Intronarrator is a collection of Python and shell scripts that predicts introns using RNA-seq data, then uses the program AUGUSTUS to do gene prediction, using its "intronless" model.
The motivation for this is that AUGUSTUS's intron model leads to poor prediction of extremely short (mostly 15 bp) introns of heterotrichous ciliates, despite having an intron length model designed to accommodate extreme variation in intron lengths observed across eukaryotes. After trying a number of options to alter this model, we were unable to accurately predict introns - leading, more often than not, to predicted introns being incorrect ("faketrons"). RNA-seq data, on the other hand, may be very extensive -- providing deep coverage of most genes. Thus, it is possible to predict the introns directly from RNA-seq data, and leave the rest of the gene prediction to AUGUSTUS.

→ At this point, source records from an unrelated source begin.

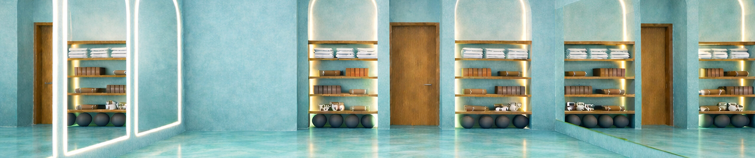 Entre sus instalaciones destacan un área de tocador con encimeras de mármol, espejos ovalados y lámparas colgantes, así como dos baños equipados con duchas y amenidades completas. La sala principal de entrenamiento, diseñada para recibir a 40 personas, incluirá arcos iluminados y un muro dedicado a accesorios como bloques de yoga, aros de pilates, bandas y pesas.
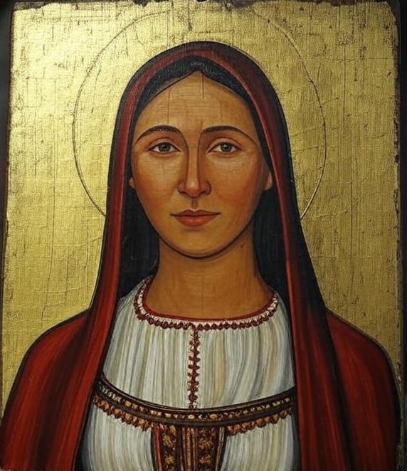 mirnog, ali odlučnog izraza lica, što simbolizuje istrajnost u veri.
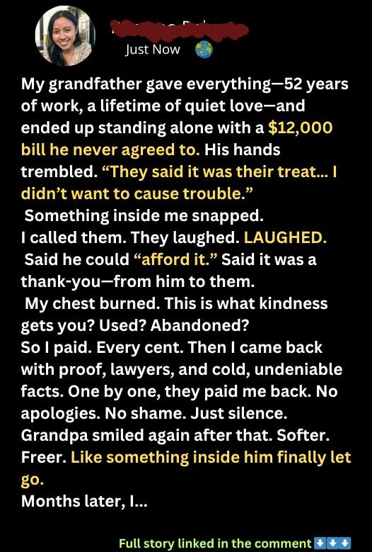 He was supposed to be honored, not abandoned. But my 74-year-old grandfather stood alone at checkout, holding a $12,000 bill he never agreed to. They thought he’d stay quiet—until I showed up.
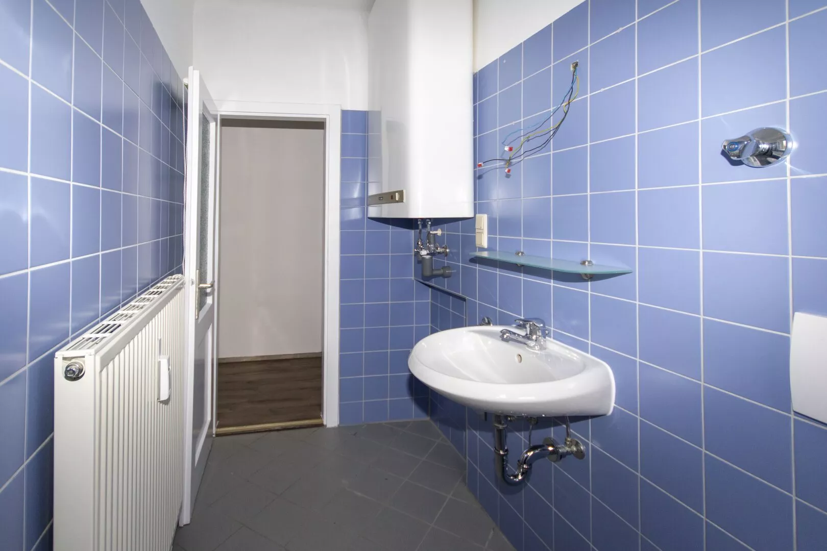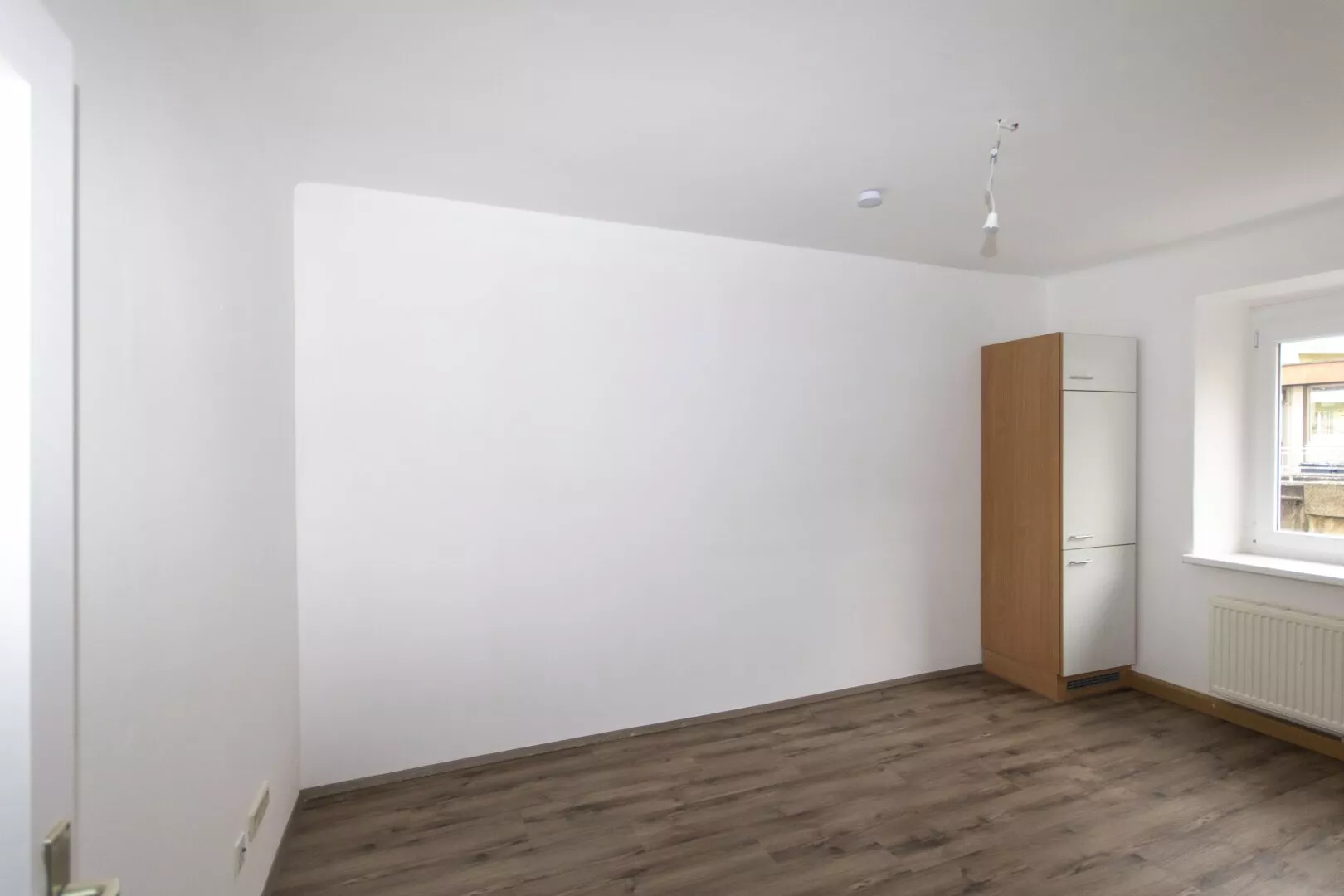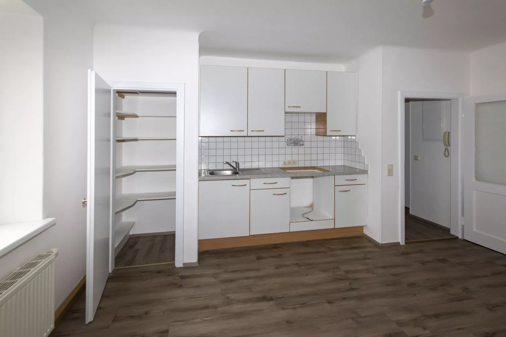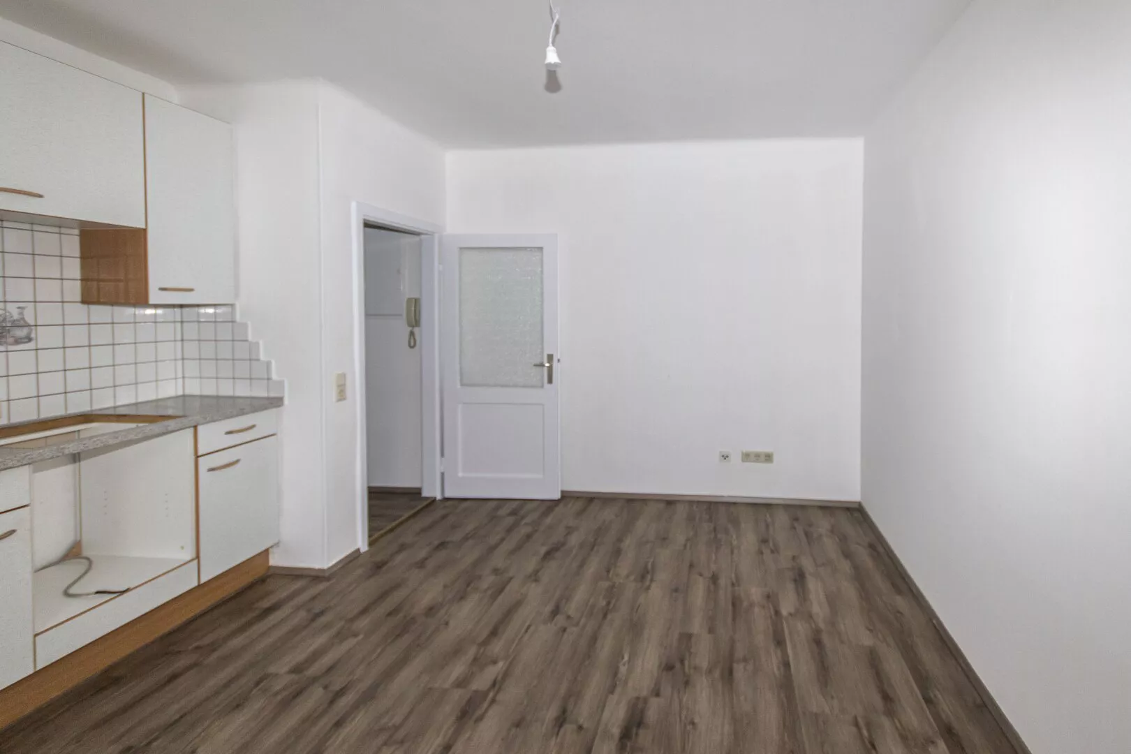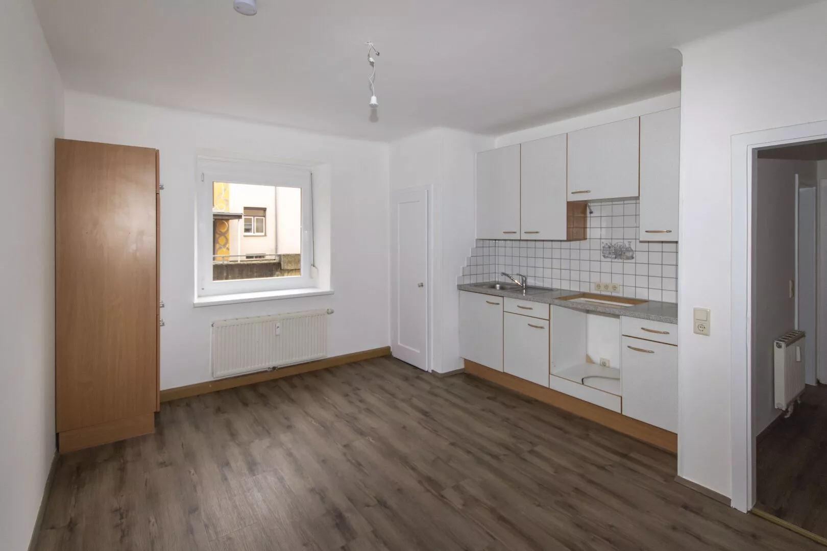 Die Wohnung besteht aus einem Vorraum, einer geräumigen, eingerichteten Küche (ohne Geräte), einem großen Zimmer und einem Tageslicht-Bad mit WC und Badewanne.

The approach is illustrated below (semi-transparent green indicates where a gene to be predicted is located):
The following programs need to be installed: AUGUSTUS, Infernal, tRNAscan-SE version 2.0.
Code can be obtained from github:
git clone https://github.com/Swart-lab/Intronarrator/
An Intronarrator evironment with all the necessary depencies can be installed from the included env.yml with conda:
cd Intronarrator conda env create -f env.yml conda activate Intronarrator
intronarrator.sh needs to be copied to the working directory. After this it needs to be edited and properly setup before running, including setting the paths to AUGUSTUS configuration files. You should also decide on the number of parallel processes to run.
Helper scripts for producing stranded BAM files, and generation of "hints" for AUGUSTUS from the BAM files are included in the directory "helper_scripts". These should be copied and modified according to need before use.
Reads with multiple introns currently are ignored - these still need to be properly accommodated. Therefore be warned: this software is currently inappropriate for organisms with high densities of introns and frequent alternative splicing (e.g. most metazoans)!